The introduction of fuel into the cylinders of an internal combustion engine is most commonly achieved using fuel injectors. A commonly used injector is a closed-nozzle injector which includes a nozzle assembly having a spring-biased needle valve element positioned adjacent the injector nozzle for allowing fuel to be injected into the cylinder of an internal combustion engine. The needle valve element also functions to provide a deliberate, abrupt end to fuel injection. The needle valve is positioned in the injector body and although biased downward by a spring force, a hydraulic force acting on the needle valve primarily holds the needle valve in the closed position. When an actuated force exceeds the biasing hydraulic force or causes a change in the magnitude of the hydraulic force, the needle valve element moves to allow fuel to pass through the injector nozzle, thus marking the beginning of the fuel injection event.
Internal combustion engine designers have increasingly come to realize that substantially improved fuel supply systems are required in order to meet the ever increasing governmental and regulatory requirements of emissions abatement and increased fuel economy. As such one aspect of fuel supply systems that has been the focus of designers is the need to produce alternative fuel injector designs that utilize fewer component parts and therefore contribute to reduced manufacturing costs. If such goals are to be attained fuel injector designs must evolve to yield reliable high quality fuel injectors that perform effectively but which are also less expensive to produce.

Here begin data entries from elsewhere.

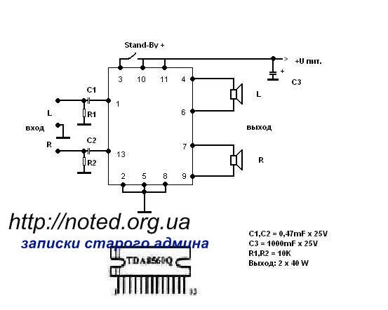 НЕМОГ СПЕРВА подключить,не играло,попробовал подключить к 1 и 13 ножке и вуаля, заработало, 2я ножка не используется,ножка 2 общий вход звука, проблема в том что у меня получился моно звук,что я не так сделал,делал по этой схеме
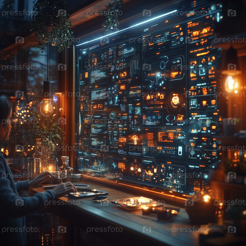 Человек взаимодействует со светящимся голографическим интерфейсом в футуристической городской квартире
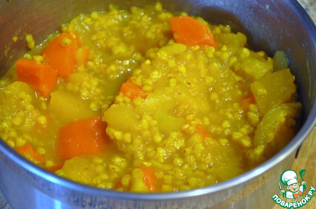 Когда овощи размягчаться, а крупа сварится, разобью всё блендером, добавлю соль по вкусу.
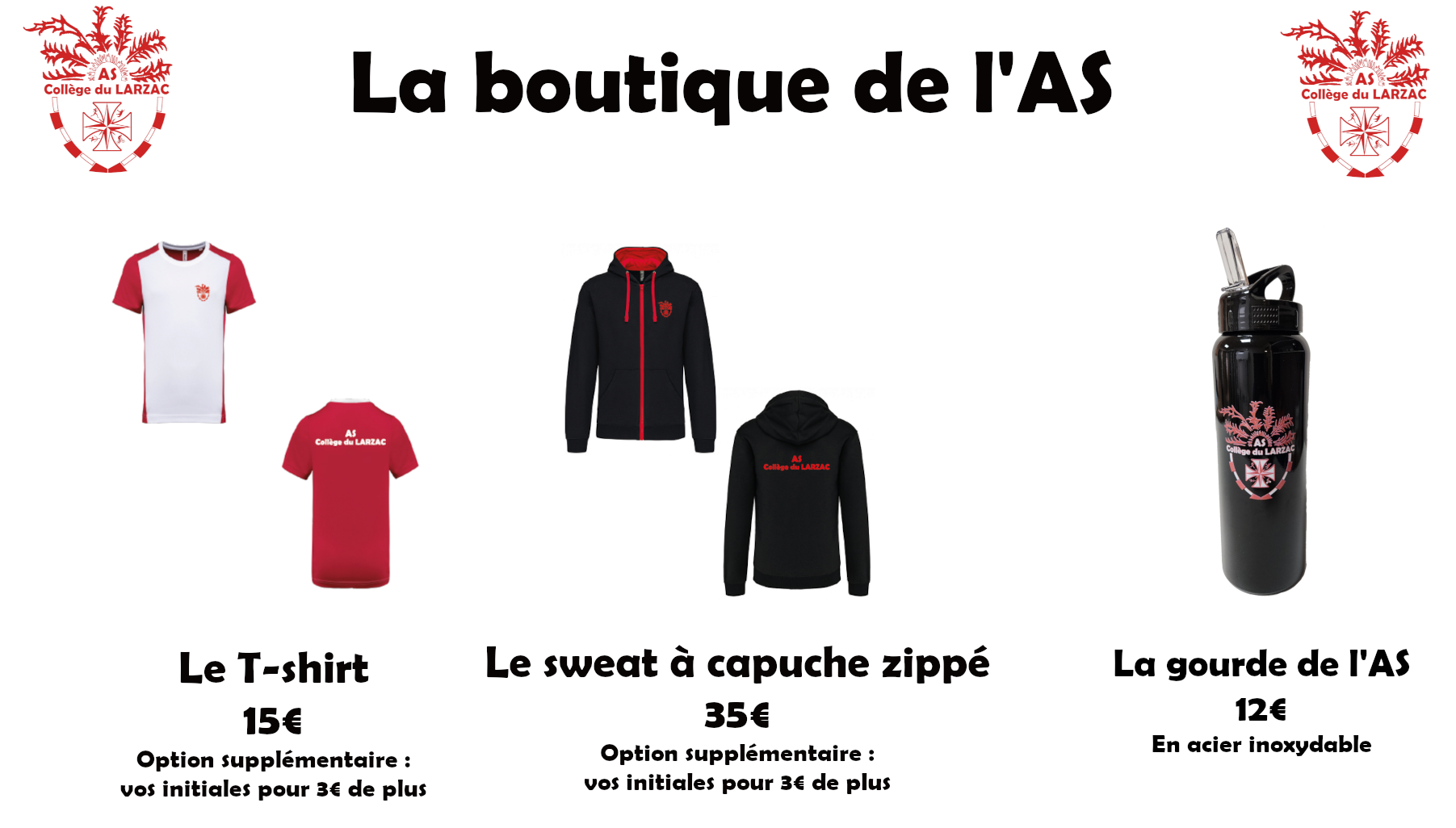 L'association sportive du collège réouvre sa boutique avec des nouveautés cette année. Un nouveau T-shirt, un sweat zippé et une gourde!
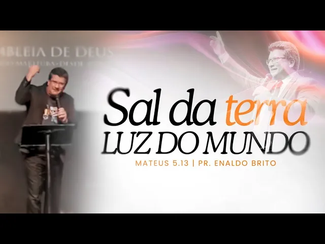 " Declare comigo assim: "Sal da terra, sal, ter sal, terra e luz do mundo, e luz do M. Você é sal da terra e luz do mundo. " Irmãos, esse tema "sal da terra e luz do mundo" Deus colocou no coração do nosso pastor, Pastor Samuel Câmara, e foi adotado por toda a nossa convenção.
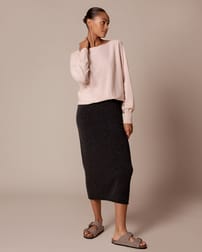Dieser gerade Rock in figurbetonter Passform, gestrickt aus unserer meistverkauften supersoften Geelong-Wolle, bietet mit seinem mittelschweren Strick eine schmeichelhafte Silhouette. Vielseitig gestaltet, passt er perfekt zu passenden Kleidungsstücken für einen harmonischen Look. Ideal für sowohl legere als auch formelle Anlässe.
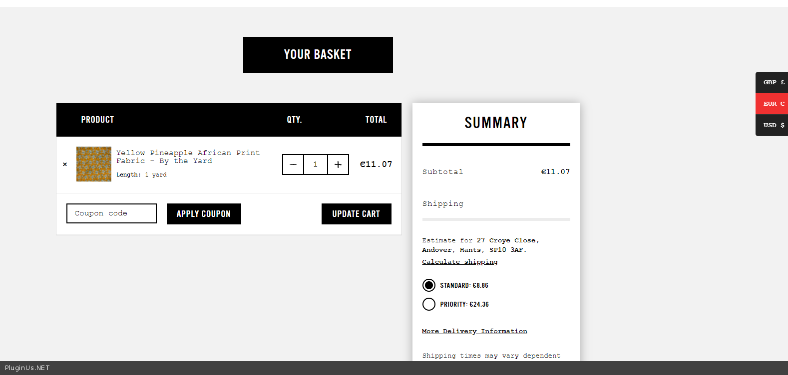 - The Euro prices are not showing on all fabric product pages for the different length variations (1 to 6 yards) but when I add fabric items to my basket the correct product prices show in Euros on the basket and checkout pages.
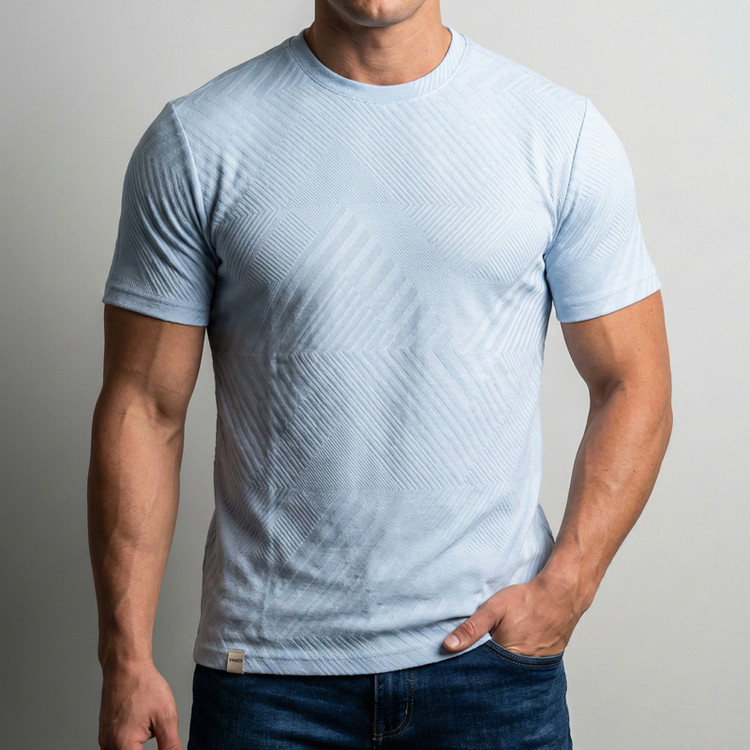 تیشرت مردانه ژاکارد پریمیوم طرح هندسی آبی
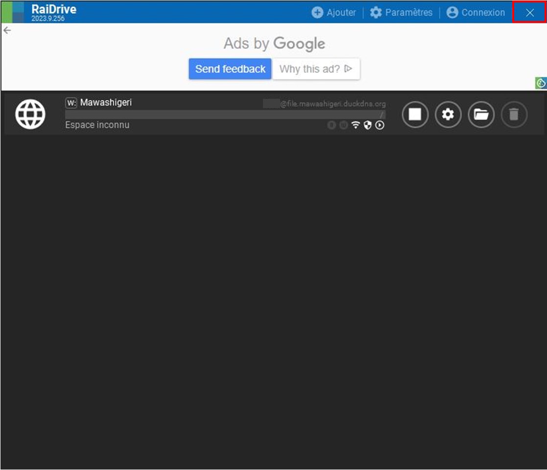 - Fermer la fenêtre de RaiDrive en cliquant X en haut à droite
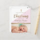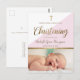 Personalise with your baby girl's photo and full name. This elegant Christening thank you card postcard makes it easier to send out your gratitude. The printed gold "Christening" script and cross adds a touch of elegance to this modern design. The pink can be changed using the customise further tool if you need, contact us at info@lddesignloft.com should you need assistance with this design.
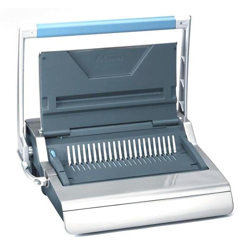 Брошюровщик Fellowes Galaxy для переплета на пластиковую пружину с возможностью механической (ручной) перфорации до 25 листов одновременно. Переплетает брошюру до 500 листов. Оснащен рычагом для перфорации в виде рамки, который позволяет равномерно распределять усилия и получать ровную перфорацию по всей длине листа. Съемный блок для переплета ускоряет процесс создания брошюр — два человека могут одновременно и перфорировать, и переплетать. Встроенный селектор формата автоматически выравнивает листы различных форматов по краю. Также есть селектор диаметра пружин. Брошюровщик оснащен удобным полноразмерным лотком для расходных материалов.
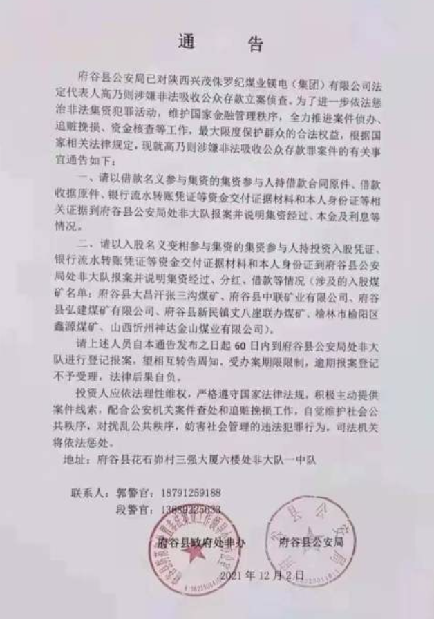 12月10日,据澎湃新闻,陕西府谷县公安局12月2日发布通告称,府谷县公安局已对陕西兴茂侏罗纪煤业镁电(集团)有限公司法定代表人高乃则涉嫌非法吸收公众存款立案侦查。为了进一步依法惩治非法集资犯罪活动,维护国家金融管理秩序,全力推进案件侦办、追赃挽损、资金核查等工作,最大限度保护群众的合法权益,根据国家相关法律规定,就高乃则涉嫌非法吸收公众存款罪案件的有关事宜发布通告。
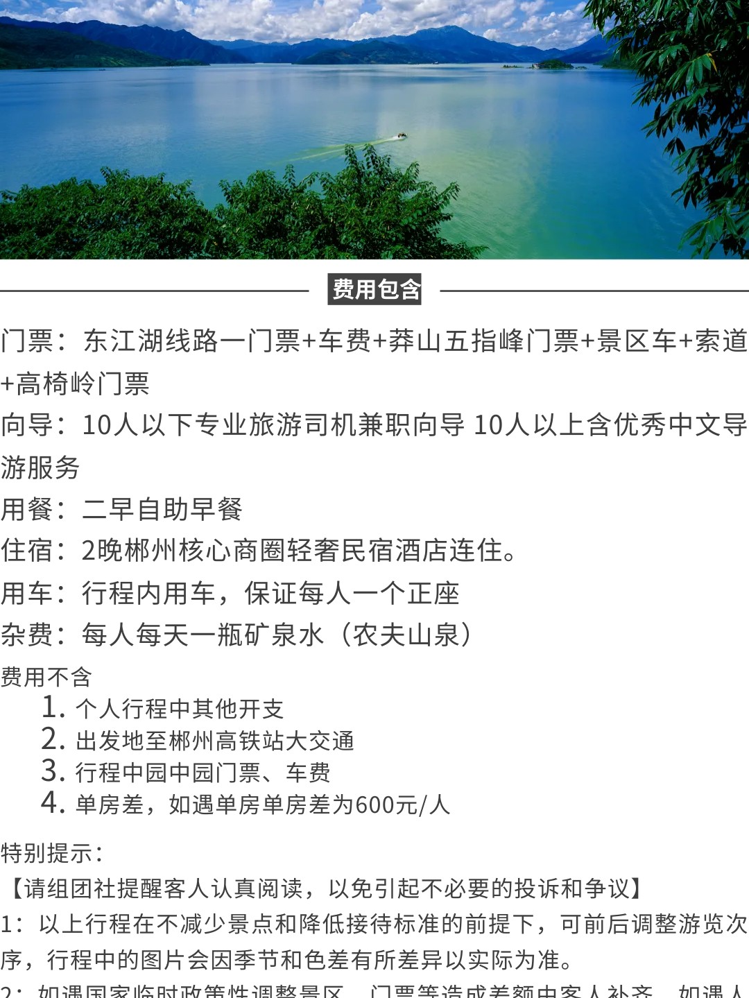 早晨享用早餐后前往【東江湖景區(qū)】參觀中華奇觀霧漫小東江散步小東江觀霧棧,之后乘車前往東江大壩旅游碼頭。東江湖湖面面積160平方公里,湖面煙波浩淼,平均水深51米,深處可達157米,蓄水高達81.2億立方米,相當(dāng)?shù)挠诎雮€洞庭湖大,因此被譽為“湘南洞庭”,數(shù)十個島嶼星羅其中,被稱為“東方瑞士”之后前往【龍景峽谷景區(qū),峽谷內(nèi)有堪稱南國最大的瀑布群--龍景十八瀑;是國內(nèi)的天然氧吧!是我國目前瀑布密集最高的景區(qū),有大小瀑布26處,水潭18個,是國內(nèi)罕見的高負離子區(qū)。中午中餐自理,下午可自由前往三湘四水旅游文化街參觀,15點集合乘車前往郴州高鐵站結(jié)束行程。

For instance, manufacturers have implemented extra high pressure injection systems, also known as XPI, where the pressures can reach 2600 bar. Such high injection pressures create smaller fuel droplets and higher injection velocity to promote more complete burning of the fuel, which increases power and fuel economy. In addition, pollution is reduced because the high thermal efficiencies result in low emissions of hydrocarbons (HC) and carbon monoxide (CO). By injecting required amounts of fuel in a shorter time frame, a high pressure system can accommodate multiple injection events during each combustion cycle. As a result, the engine control software can tailor combustion for particular conditions.
The use of very high injection pressures, however, requires conventional fuel injectors to operate with correspondingly high force levels. In general, to move the needle valve into an open position and cause the injection of fuel, solenoids and their corresponding stator assemblies must act against a preload force that seals the high pressure fuel in the fuel injector. For instance, in one type of fuel injector design, an injector body with a lower chamber filled with high pressure fuel is employed to bias the needle valve in the closed position, and the solenoid opens a plunger valve in the upper chamber in order to expose the lower chamber to a low pressure drain. When the fuel drains from the lower chamber, the pressure in the lower chamber drops and is no longer able to keep the needle valve in the closed position. In order to open the plunger valve, the solenoid must act against the preload force that seals high pressure in the lower chamber. Thus, all internal components in such fuel injectors must work together to provide large forces due to the high pressure which exists in the fuel injector.
Additionally, as injection pressures increase, greater forces must be applied to the injector components of the injector body to achieve the required sealing at the component interfaces/joints. Moreover, injectors often include internal component configurations which are well suited to achieving desired high pressure performance characteristics but do so at high design and manufacturing costs. Consequently, there is a need for a lower cost common rail fuel injector having an improved pilot valve inlet and outlet orifice arrangement and a unique armature and plunger guide arrangement.